For example, for the two PTVs in high-risk prostate case, the equation is expanded as:

$$H=\frac{1}{2}\cdot ({H}_{1}+{H}_{2})=\frac{1}{2}\cdot [(\frac{T{V}_{95 \% ,PTV1}}{{V}_{95 \% ,PTV1}})+(\frac{T{V}_{95 \% ,PTV2}}{{V}_{95 \% ,PTV2}})]$$

Target coverage index (M)

This index was defined as

$$M=\frac{1}{r}\cdot \mathop{\sum }\limits_{j=1}^{r}[\frac{\mathop{\sum }\limits_{i=1}^{p}(\frac{{V}_{Tj,Di}}{{V}_{Tj,RDi}})+\mathop{\sum }\limits_{i=1}^{q}(1-\frac{{V}_{Tj,Di}}{{V}_{Tj,ADi}})}{\mathop{\sum }\limits_{i=1}^{p}(\frac{100}{{V}_{Tj,RDi}})+q}]$$

where r is the number of targets of different prescription dose, p is the number of cold spot checks, q is the number of hot spot checks, VTj,Di is the volume of the jth target in % receiving a dose of at least the ith dose level, VTj, RDi is the minimum volume of the jth target in % receiving at least the ith dose level and VTj,ADi is the allowable volume of the jth target in % receiving at least the ith dose level.
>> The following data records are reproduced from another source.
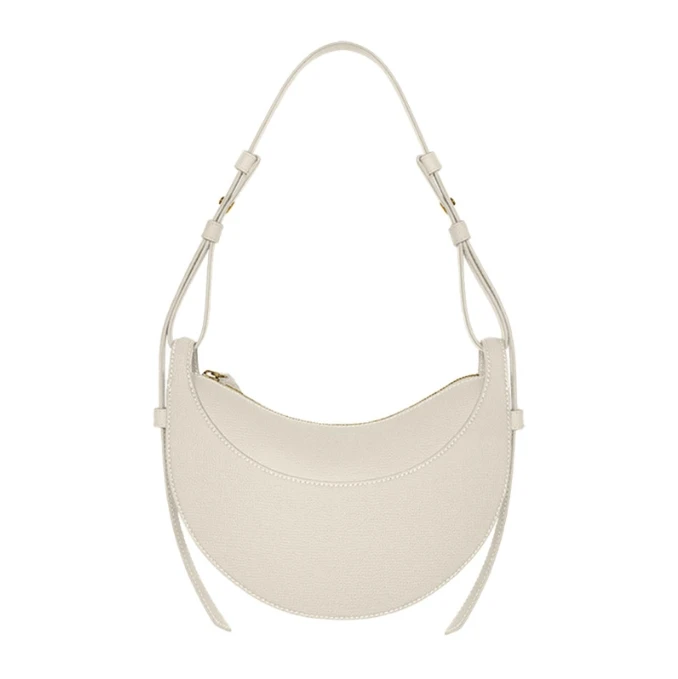 Sa forme de croissant unique et sa finition en cuir lisse apportent une touche de modernité et d’élégance à votre look, parfait pour toutes les occasions.
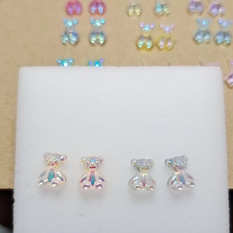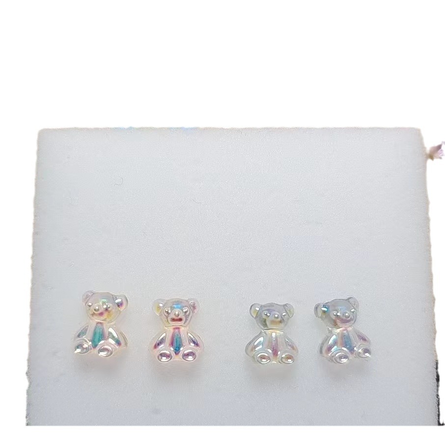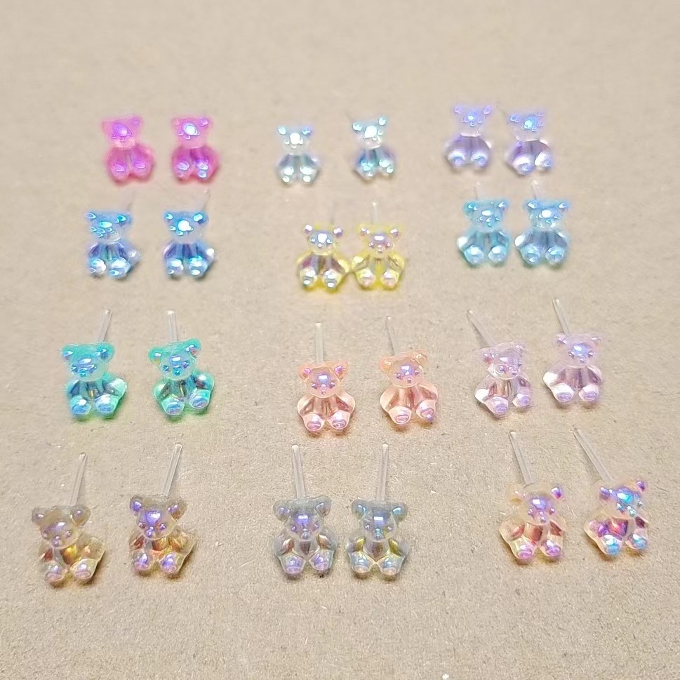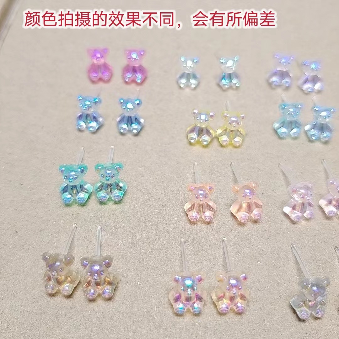 树脂塑料耳钉极光小熊透明耳针养耳洞超萌可爱网红耳饰耳钉批发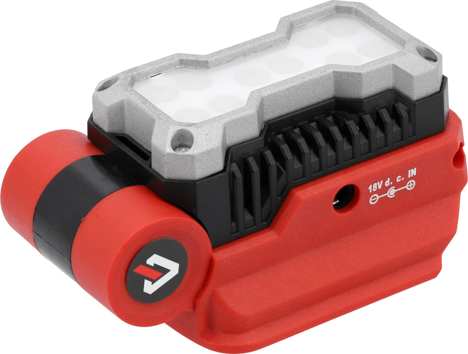 Przenośna akumulatorowa lampa robocza przystosowana do pracy na budowie, w warsztacie i do oświetlenia kempingu lub biwaku. Regulowany kąt świecenia i bardzo wytrzymała obudowa, wzmocniona włóknem szklanym, zachowuje wysoką odporność na uszkodzenia mechaniczne i warunki zewnętrzne. Dzięki 10 diodom SMD LED zapewnia intensywne, jasne światło o szerokim kącie padania, co umożliwia skuteczne oświetlenie dużych powierzchni roboczych.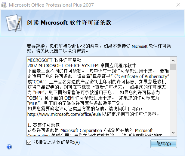 包含的组件:Word 2007、Excel 2007、PowerPoint 2007、Access 2007、Outlook 2007、Publisher 2007、InfoPath 2007
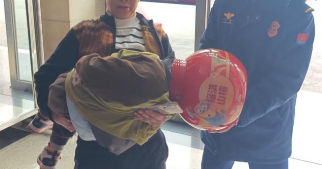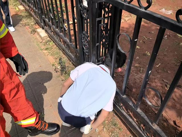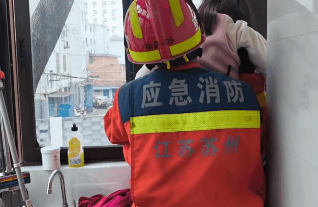 消防队员一边安抚小姑娘一边安抚小姑娘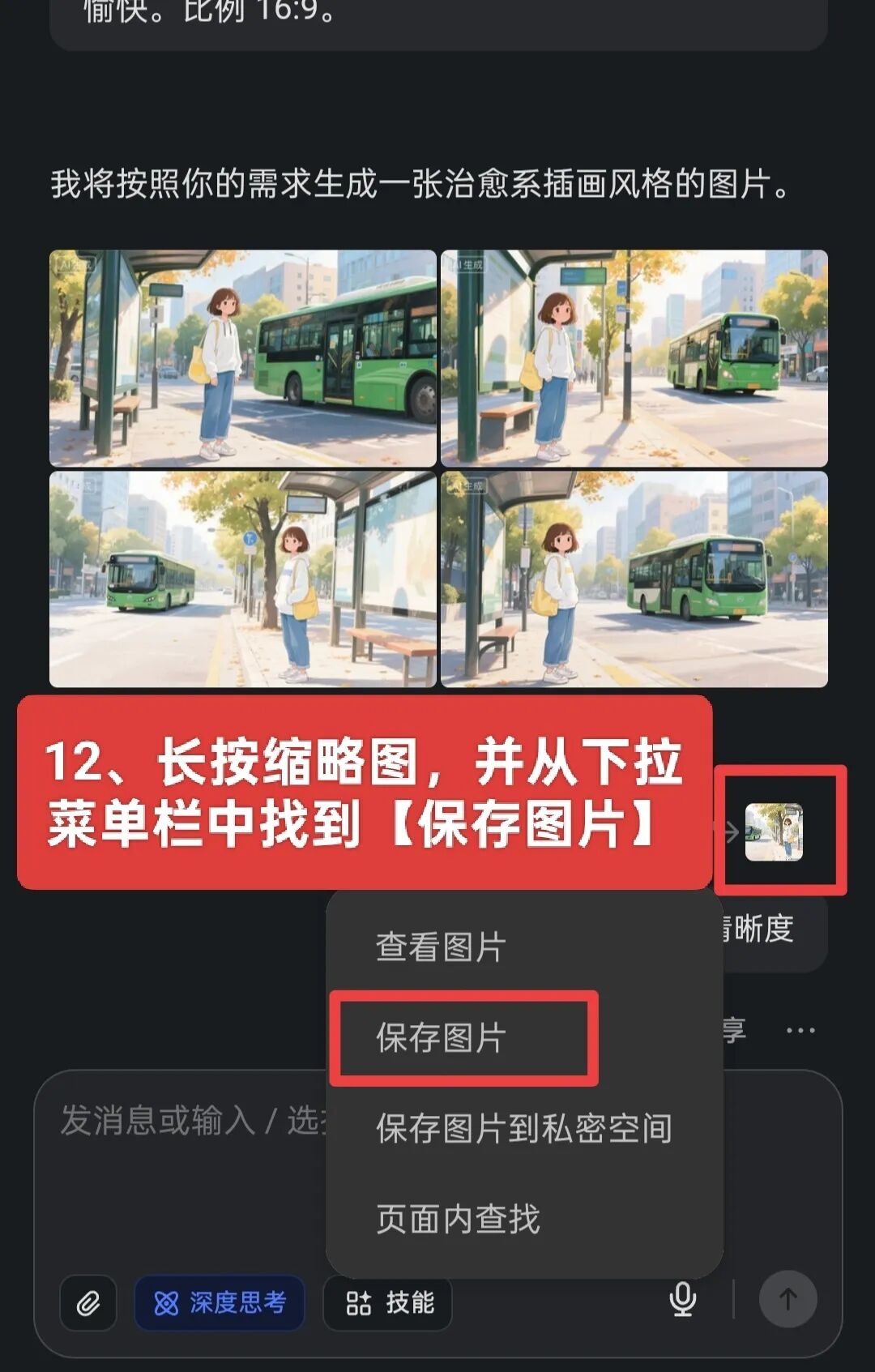 🔹 保存图片:长按缩略图,从下拉的菜单栏中找到并点击【保存图片】。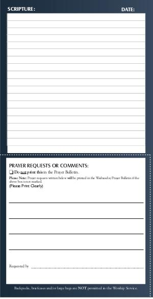 SCRIPTURE: DATE: PRAYER REQUESTS OR COMMENTS:  Do not print this in the Prayer Bulletin. Please Note: Prayer requests written below will be printed in the Wednesday Prayer Bulletin if the above box is not marked. (Please Print Clearly) Requested by _____________________________________________________________ Backpacks, briefcases and/or large bags are NOT permitted in the Worship Service.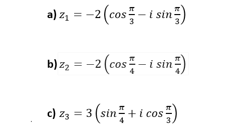 Les écritures suivantes sont-elles sous forme trigonométrique si non les transformer pour obtenir une écriture trigonométrique.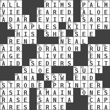 ACROSS 1. 100% 4. Basketball hoops 8. Inside of hand 12. Compete 13. Having ears or earlike features 14. Medicinal plant 15. The sixth month of the Jewish calendar 17. Webber/Rice musical 18. Indian skirt 19. Paper fasteners 21. Baby cat 23. Part of HMS, perhaps 24. A female animal or person 26. Perceive with the eye 27. Painter Guido (1575-1642) 28. Actress Patricia 30. Wind 31. Speaker 34. Sorrow 37. Ripen 38. Make or become more lively 39. Followers of ems 40. Assist 41. Spring feasts 42. Be seated 43. A type of plum 44. Costume for a special activity 46. Santa ___, CA 47. Compass dir. 50. Conclude 51. Disco prop 54. Hard copy producer 57. SW Saudi Arabia district 58. With great haste 60. Washington bills 62. To erase 63. Before Barbara or Clara 64. Head covering 65. Ancient Greek god of war 66. Celtic language 67. Period DOWN 1. Actress Gardner 2. Flaplike coverings 3. Resembling or made to resemble leather 4. All-night dance parties 5. From or relating to Ireland 6. Was introduced to 7. Neighbor of Neb. 8. Soft color 9. Having winglike extensions 10. Old wives' tales, e.g. 11. Count _ (2 wds.) 13. Snakelike fish 16. Precipitation 20. 23rd letter of the Greek alphabet 22. Austrian river, tributary to the Danube 25. Keyboard key 27. Swiss mountan, "Queen of the Mountains" 29. Immeasurably long periods of time 30. Auto club (abbr.) 31. Margarine 32. Amusement-park features 33. "___ Maria" 34. Home 35. A single undivided whole 36. Eastern Standard Time (abbr.) 41. Broad, flat, thick piece 43. Sounds asleep 44. Elected rep. 45. To (old English) 46. Originate 48. Connects, as a bridge 49. Compose 51. "Two Mules for Sister ____" 52. Russian ruler of old 53. Comfort 55. _ tizzy (2 wds.) 56. Bring up, as a child 59. Impair 61. Health resort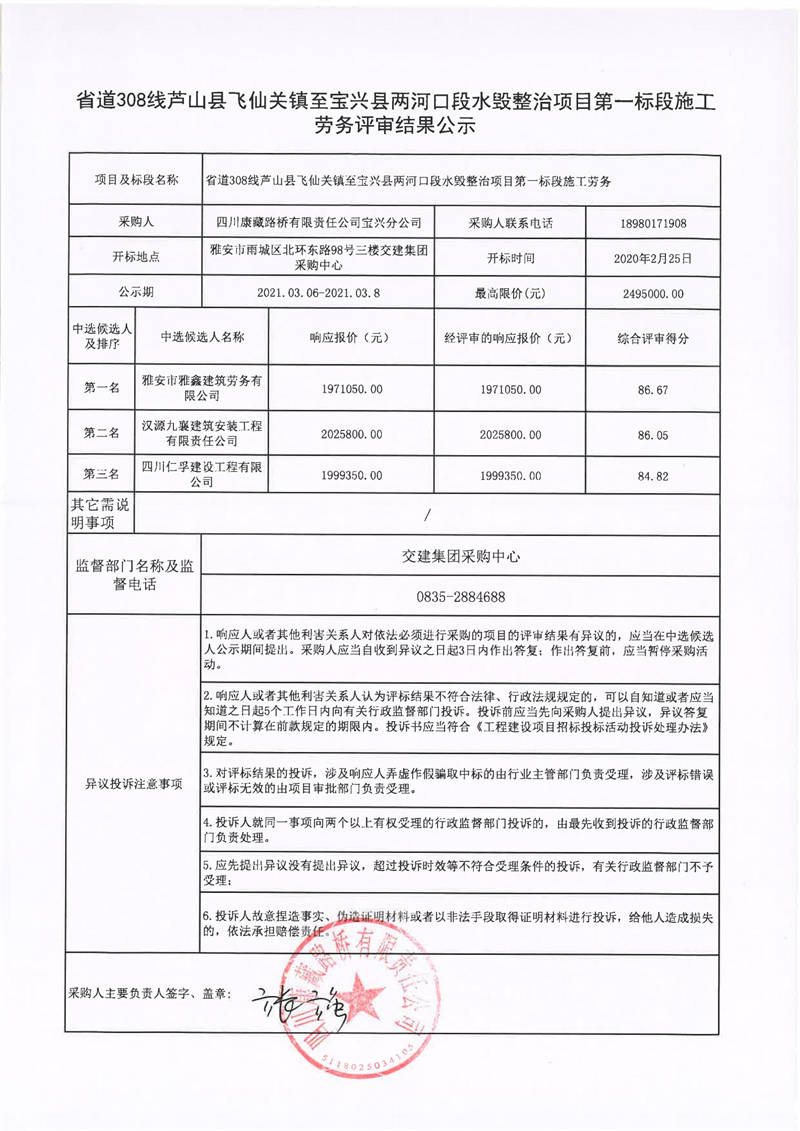 四川康藏路橋有限責任公司寶興分公司省道308線蘆山縣飛仙關鎮(zhèn)至寶興縣兩河口段水毀整治項目第一標段施工勞務評審結(jié)果公示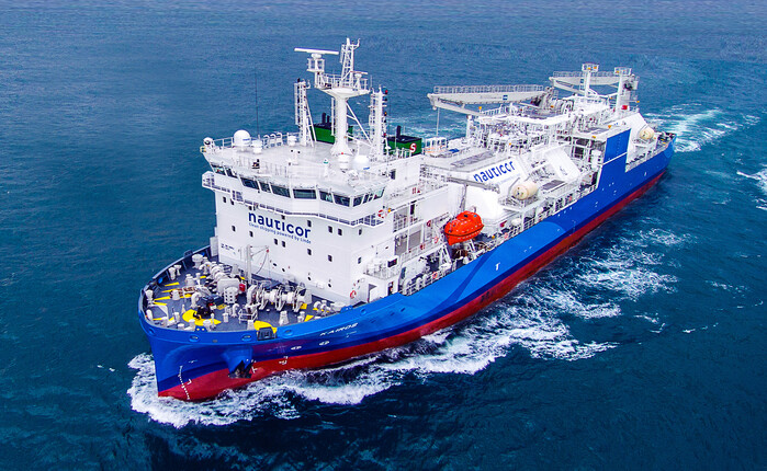 ▲ 현대미포조선이 건조한 7500 입방미터(㎥)급 LNG벙커링선의 시운전 모습 [사진= 현대중공업그룹] |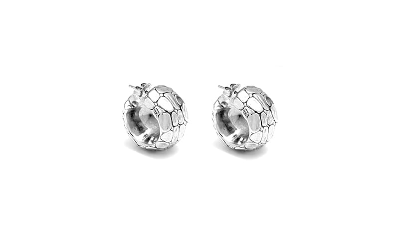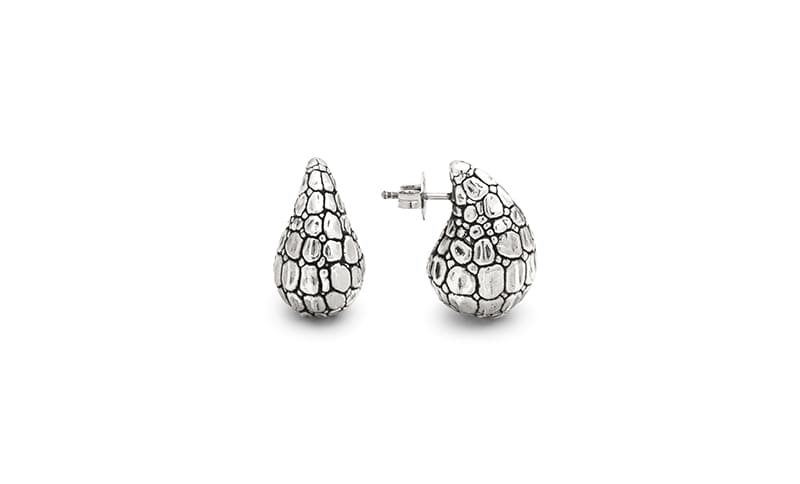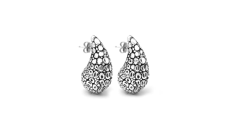 Vervollständigt wird das Arrangement mit den Ohrringen „Tropfen Kroko“, die ihrer Trägerin einen ausdrucksstarken und zugleich femininen Look verleihen. Die Schmuckstücke aus 925er Silber werden durch galvanische Elektroformierung hergestellt, eine Technik, die auch großen Kreationen eine filigrane Leichtigkeit verschaffen kann. Diese wunderbaren Schmuckstücke fangen die Essenz des Sommers ein und übertragen sie auf die Trägerin: Sonnenstrahlen auf der Haut, das Rauschen des Meeres in der Ferne oder eine Villa mit Blick auf eine mediterrane Küste.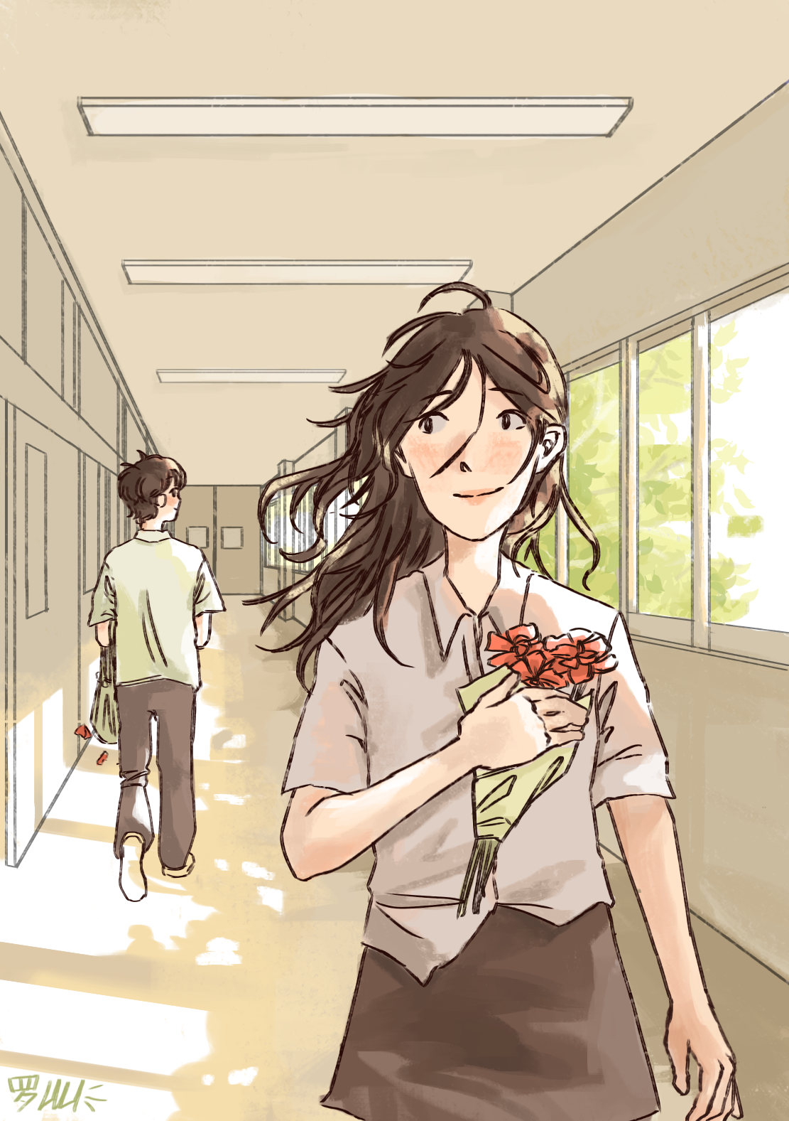 Self-Portrait as Memory portrays my parent’s recollections of them as high-school sweethearts in their year of separation before the 高考, China’s national college entrance exam. The yellowed background, awash with faded sunlight, evokes a sense of nostalgia. Through the red focal point of the flowers, the viewer is drawn back to present-day connotations of this piece— an indirect self-portrait portraying my familial lineage and history. -

For example, for the two PTVs objectives in high-risk prostate case as reported in Table 1, the equation is expanded as:

$$M=\frac{1}{2}\cdot ({M}_{1}+{M}_{2})=\frac{1}{2}\cdot \{\frac{[\frac{{V}_{PTV1,95}}{98}+\frac{{V}_{PTV1,98}}{95}]+[1-\frac{{V}_{PTV1,107}}{5}]}{[\frac{100}{98}+\frac{100}{95}]+1}+\frac{[\frac{{V}_{PTV2,95}}{98}+\frac{{V}_{PTV2,98}}{95}]+[1-\frac{{V}_{PTV2,107}}{5}]}{[\frac{100}{98}+\frac{100}{95}]+1}\}$$

Note that the denominators represents the maximum possible score.

Normal tissue sparing index (P)

This index was defined as:

$$P=\frac{1}{n}\cdot \mathop{\sum }\limits_{j=1}^{n}[\frac{1}{m}\cdot \mathop{\sum }\limits_{i=1}^{m}(1-\frac{{V}_{Oj,Di}}{{V}_{Oj,ADi}})]$$

where n is the number of critical organs to be monitored, m is number of check points used for the jth critical organ, VOj,Di is the volume of the jth critical organ in % receiving a dose of at least the ith dose level and VOj,ADi is the allowable volume of that organ in % receiving at least the ith dose level.

For example, in the high-risk prostate case, P becomes

$$P=\frac{1}{4}[{P}_{rectum}+{P}_{bladder}+{P}_{bowel}+{P}_{femurs}]$$

where, for the rectum QUANTEC objectives reported in Table 1, the equation is expanded as:

$${P}_{rectum}=\frac{1}{3}\cdot [(1-\frac{V50}{50})+(1-\frac{V60}{35})+(1-\frac{V65}{25})]$$

and similarly for the other critical structures.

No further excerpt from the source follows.